Yesterday was Taco Tuesday (or Tac Tue as I like to call it) and we wanted to support the economy by getting Taco Bell.

Since we live in a time that I’ve often dreamed of – where fast food is delivered straight to your door, that’s what we decided to do. We’re also taking social distancing very seriously and trying to prevent going out as much as possible.

Side note: I might be taking it a little too seriously because I haven’t stepped out of my house to breathe fresh air for 3 days straight. At one point I also didn’t shower or change my clothes for 2 days, so I can attest to the fact that doing so every day definitely heightens your mood.

We all gathered around PJ and excitedly told him our orders. He was about to hit send and exclaimed, “Holy shit! It comes to $72.00!”

Now I love Taco Bell so much that they’re the ones sending me the most emails telling me it’s all going to be ok (not kidding), but I’m not paying $72.00 for a run to the border.

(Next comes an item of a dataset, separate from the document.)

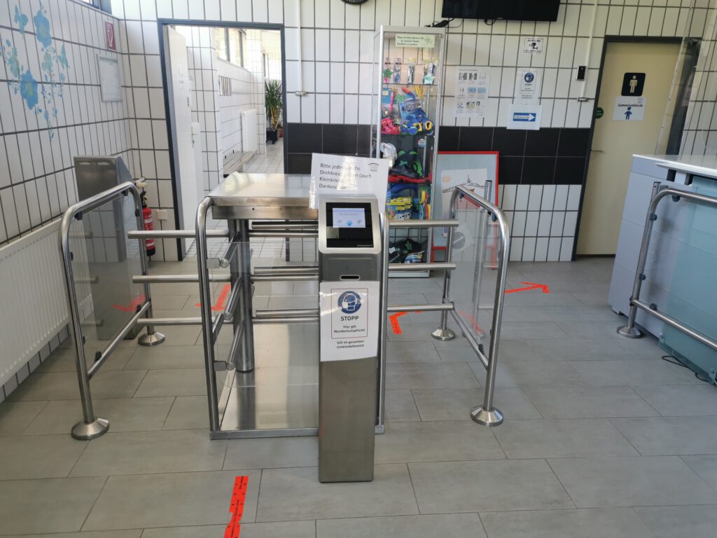 Im Ein- und Ausgangsbereich des Bades, sowie beim Betreten der Umkleiden besteht die Pflicht eines Mund-Nasen-Schutzes. Desinfektionsspender sind überall aufgestellt. Die Nutzung der Duschen und Sanitäranlagen ist nur für eine begrenzte Anzahlt Personen (gleichzeitiger Aufenthalt) erlaubt.
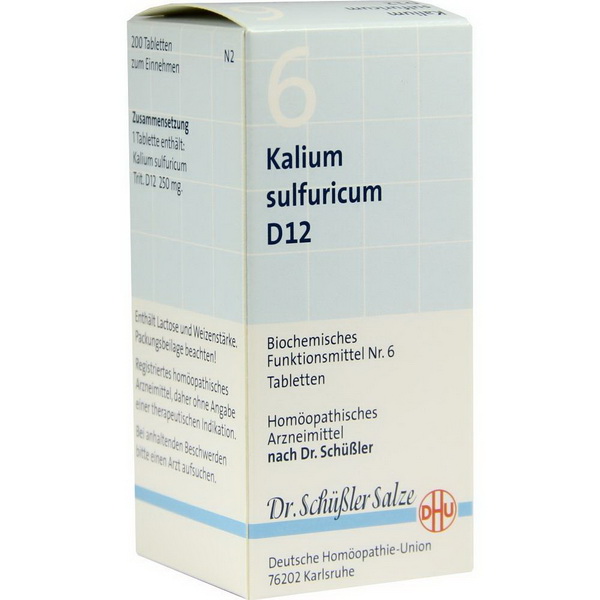 1 Tablette enthält: Kalium sulfuricum Trit. D12 250 mg.

It turns out that taxes and the delivery fee almost doubled the price. So after some muttering and cursing, PJ scrapped the website order and went to the drive-thru.

He said the lady laughed at him in the middle of ordering because it was so long 😂

Because my diet has truly gone to hell in a hand-basket, I ordered the veggie crunch wrap, the spicy potato wrap, a bean & rice burrito, and nachos with cheese.

I’m not a vegetarian but I’ve never eaten their beef because Lol always proclaimed it can’t be real chop meat (what Long Islanders call ground beef) because it could never be ground up as finely as it is. I don’t know if that’s true but it does make me want to avoid it 🤢

I inhaled my meal so fast that I caught my oldest looking at me like, ‘Have some manners, woman!!!’ (And he eats like a damn caveman.) I must have a stomach of steel because everyone always jokes that Taco Bell makes them have to *ahem* use the bathroom afterwards. Not me! 🏆 🙌 👏

Everyone’s joking about what we’re all going to look like when this is over. It’s not even a full month in and here’s my rundown:

An inch of grey roots; pasty, vitamin D-deficient skin; weak, dry, nails from having removed my SNS manicure, and Body By Taco Bell.

If I let my facial hair go, I’ll be able to play Santa by December!